Given data:
== == ==
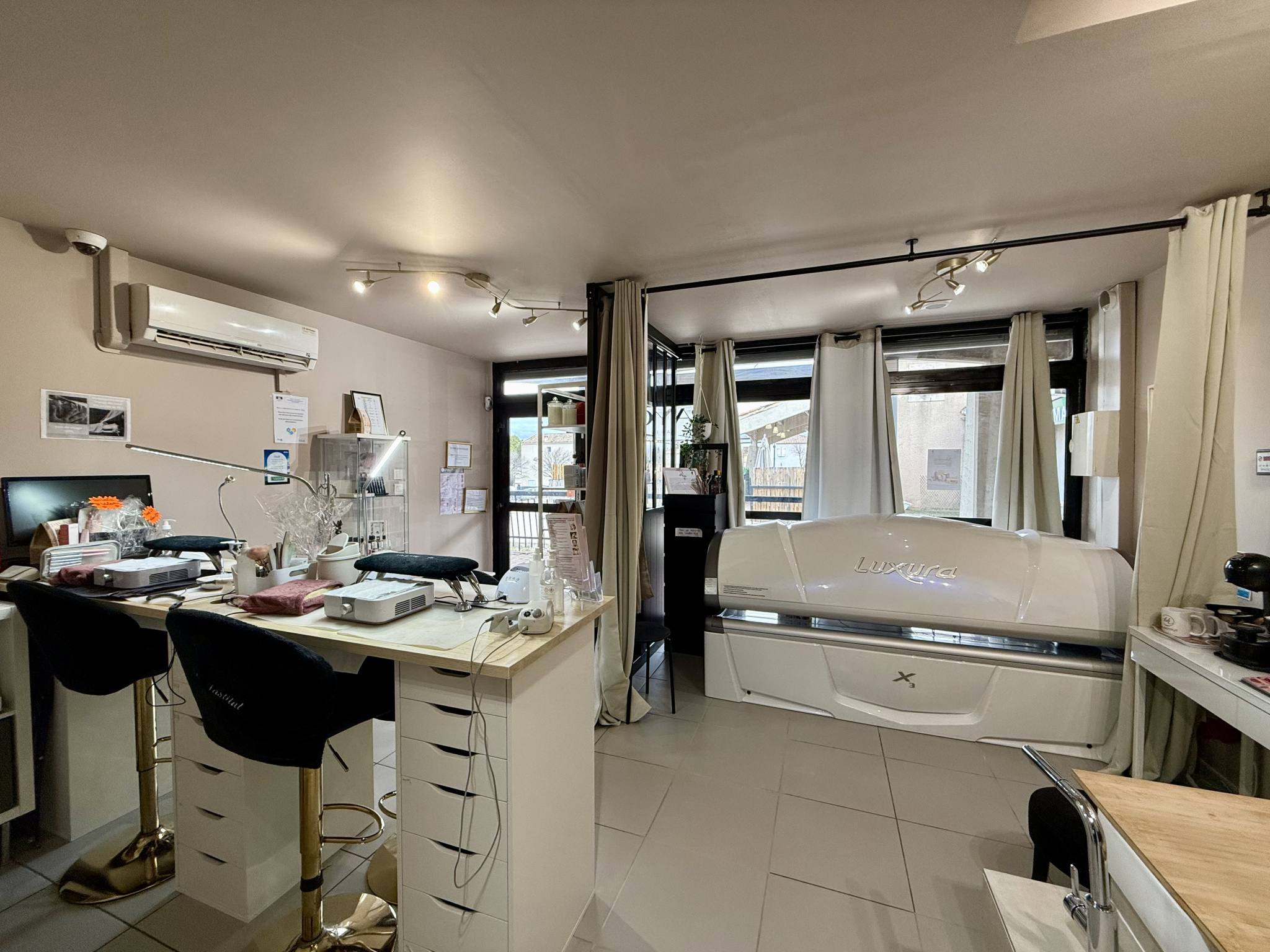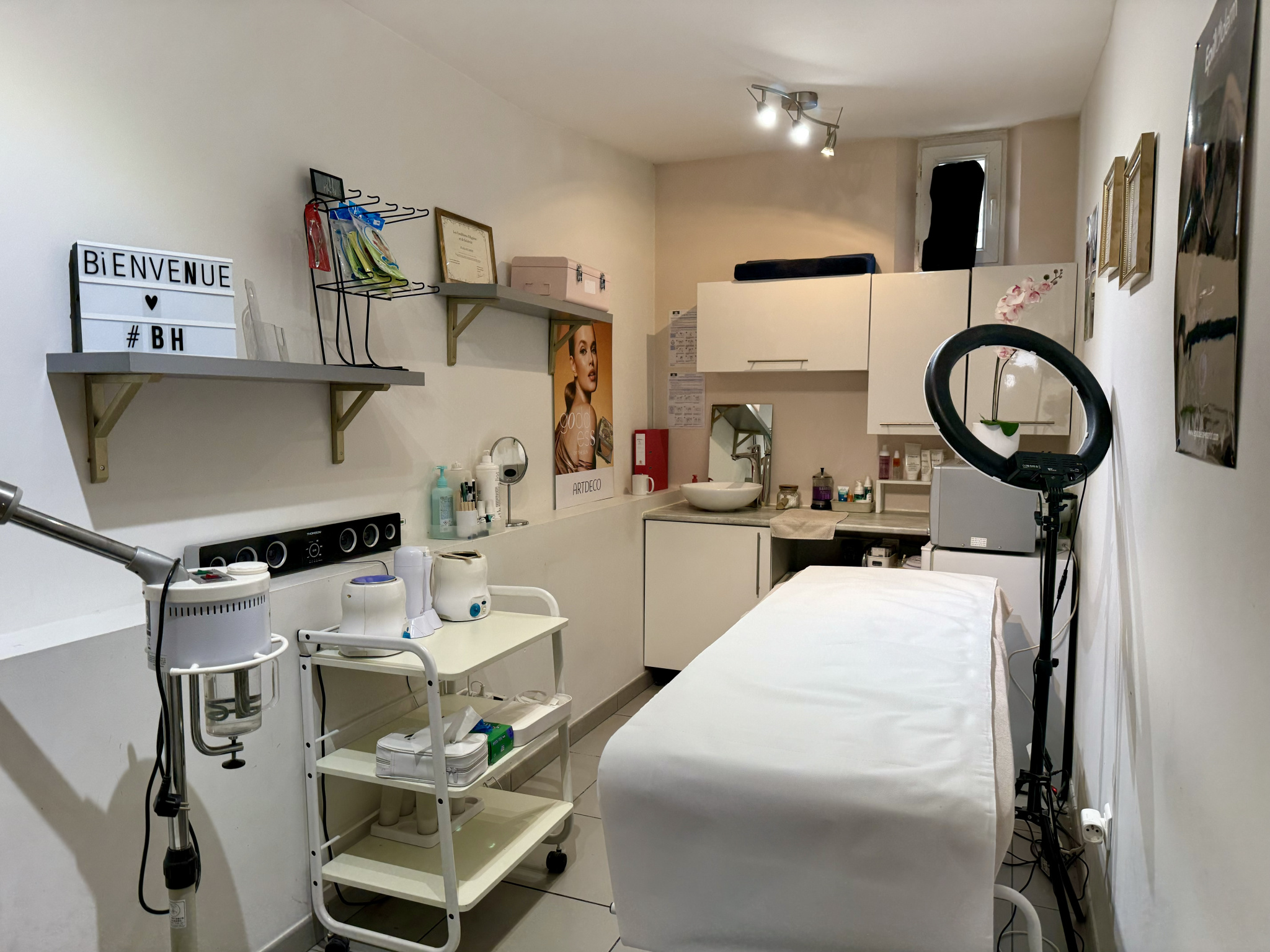 Ce bien est un salon esthétique d'une superficie d'environ 45 m2. Il se compose d'un hall d'entrée donnant accès à un espace onglerie équipé d'une cabine UV. Une cabine duo avec un point d'eau et un hammam, une cabine dédiée à l'épilation, un placard de rangement et un WC indépendant.
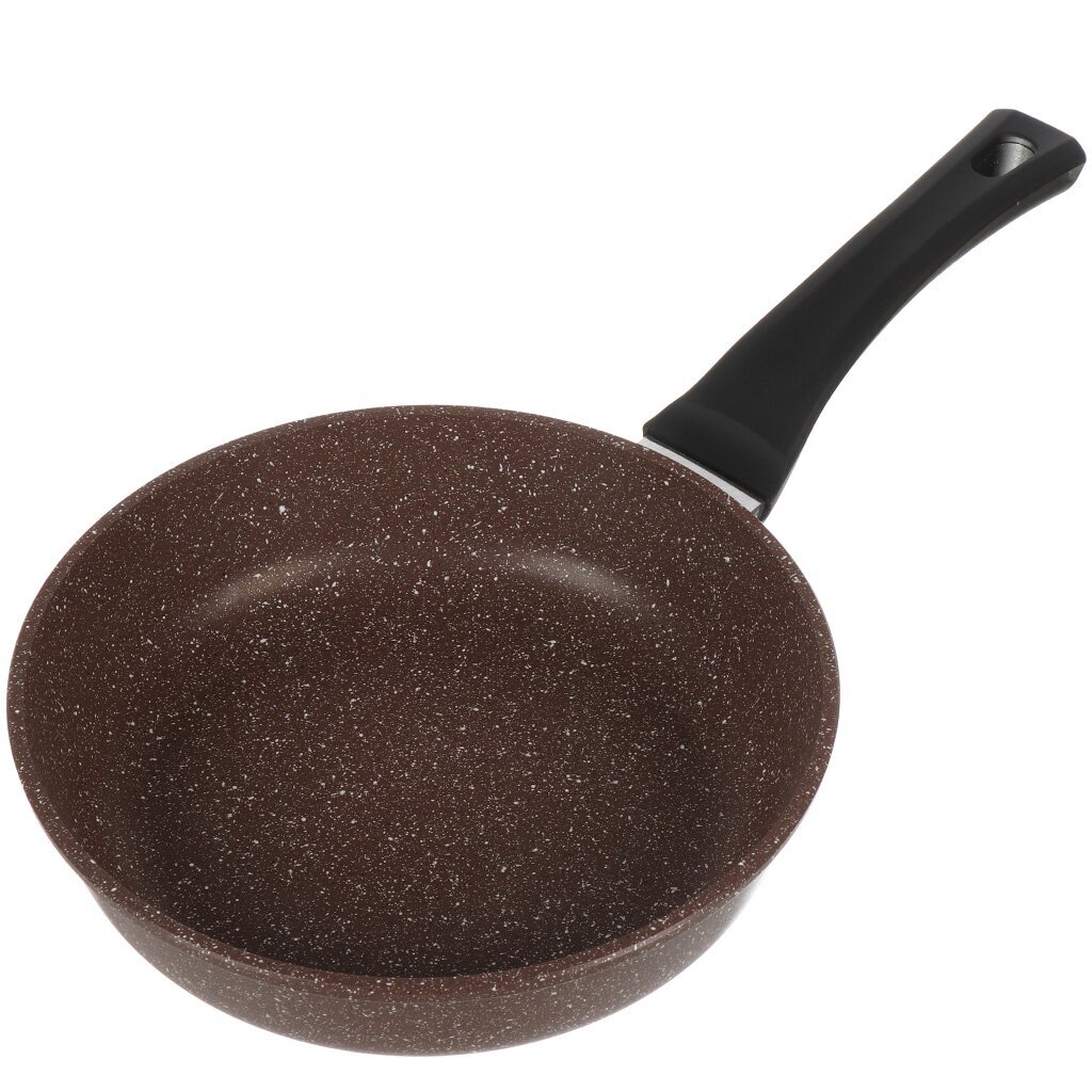 Сковорода Горница Шоколад 24 см — литой алюминий, мраморное антипригарное покрытие, 5 лет гарантии. Легко готовить без пригорания и мыть в посудомойке.
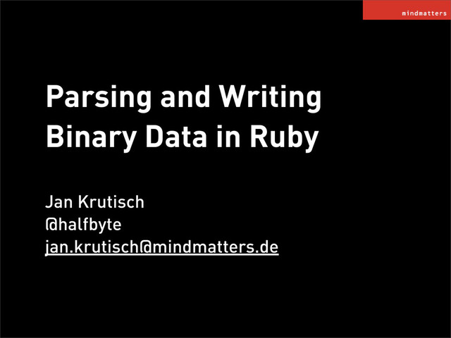 Parsing and Writing Binary Data in Ruby Jan Krutisch @halfbyte
== == ==
Activity: Apart from the images, print all the material above exactly as given.

Expected output:
 Ce bien est un salon esthétique d'une superficie d'environ 45 m2. Il se compose d'un hall d'entrée donnant accès à un espace onglerie équipé d'une cabine UV. Une cabine duo avec un point d'eau et un hammam, une cabine dédiée à l'épilation, un placard de rangement et un WC indépendant.
 Сковорода Горница Шоколад 24 см — литой алюминий, мраморное антипригарное покрытие, 5 лет гарантии. Легко готовить без пригорания и мыть в посудомойке.
 Parsing and Writing Binary Data in Ruby Jan Krutisch @halfbyte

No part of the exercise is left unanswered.